# FTP Multiple Users and Directories Advice



## kjemison (Apr 12, 2011)

Hello again... I am looking for a little advice for a project I am working on for a customer. I would like to lay out my thought process and maybe some of you that have more experience would tell me if it is flawed and possibly point out a better way if possible.

*Scenario:*Contractor is looking for a way to store building plans so his sub contractors can download them when needed.

I suggessted an FTP site - vsftpd software

The contractor has about 5 different projects going at the same time.
The contractor would like to allow some sub contractors to have access to some of the projects and no access to others.

*My thoughts were to do as follows:*
Create multiple primary directory's on the server.
    ie: 
         Project 1
         Project 2
         Project 3
         etc...

Create groups for each project.
Create users for each sub-contractor and place them within their respective group(s)
Assign "group permissions" for specific "Project" directory's.

Ideas? 

Thank you in advance
Kell


----------



## kpedersen (Apr 12, 2011)

FTP should be able to do this but you might also want to have a look at NFS (Network File Share) or Windows Shared Folders (The SAMBA server for FreeBSD is in ports)

NFS and SAMBA give the administrator a little bit more freedom than FTP but perhaps are a little bit more time consuming to set up.
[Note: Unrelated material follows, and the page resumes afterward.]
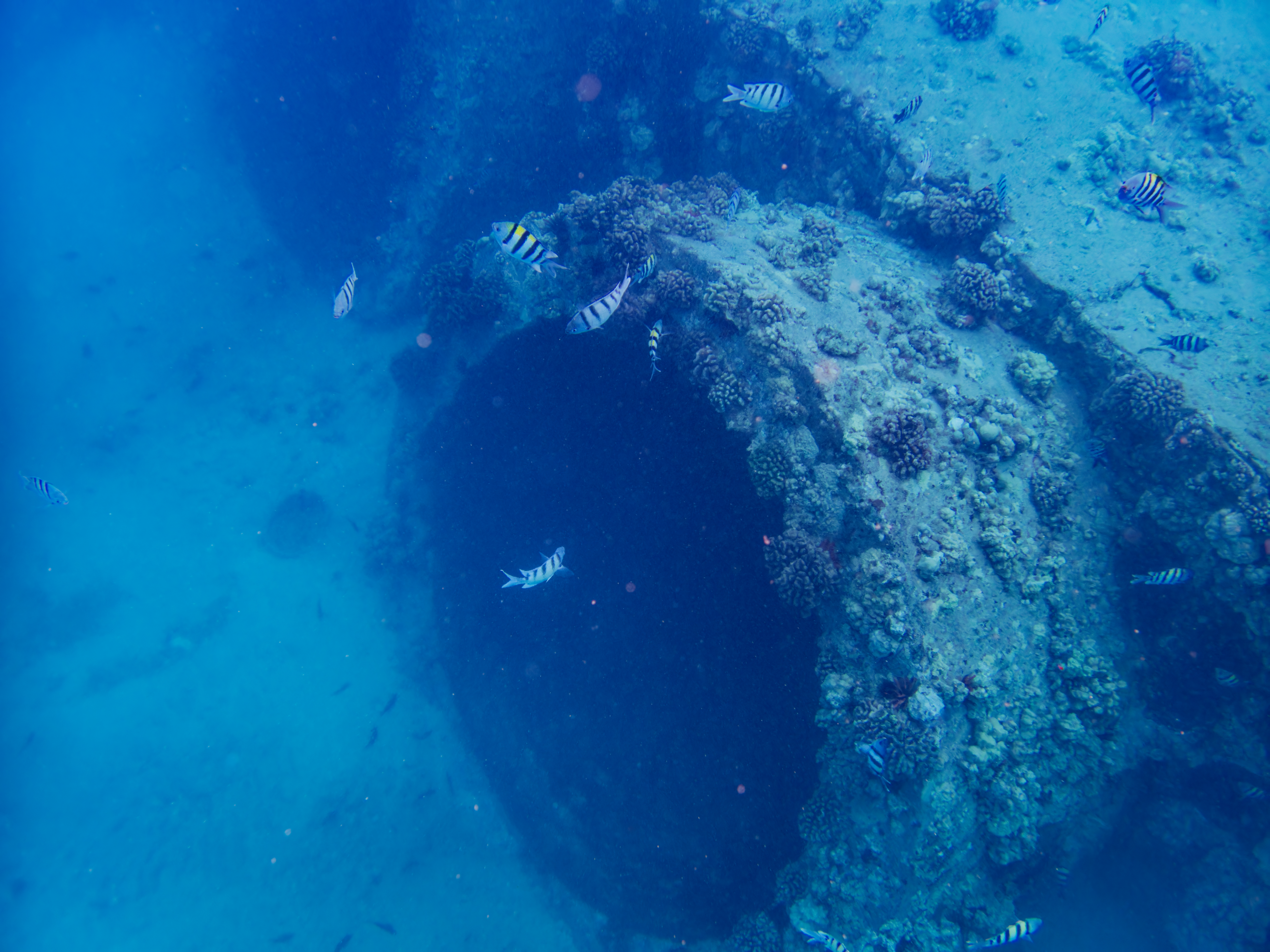 観光客が大勢くるような場所ではないが、火力発電所の暖かい排水が沖合200m程の海底から排出され魚が多く棲みつくため、ダイビング・シュノーケルスポットになっていて、息子とちょいとシュノーケルを楽しむ。

There is also a good section about NFS in the FreeBSD handbook.


----------



## kjemison (Apr 13, 2011)

Not sure if I want to hang a samba share out on the network... Besides, it would be easier from a user standpoint to just send them a link to click on to open up the FTP site in a browser window. 
Any other ideas about this setup?


----------



## kjemison (Apr 13, 2011)

Okay.. I went ahead and set it up the way I described above and all works perfect. Thanks for looking !

Kell


----------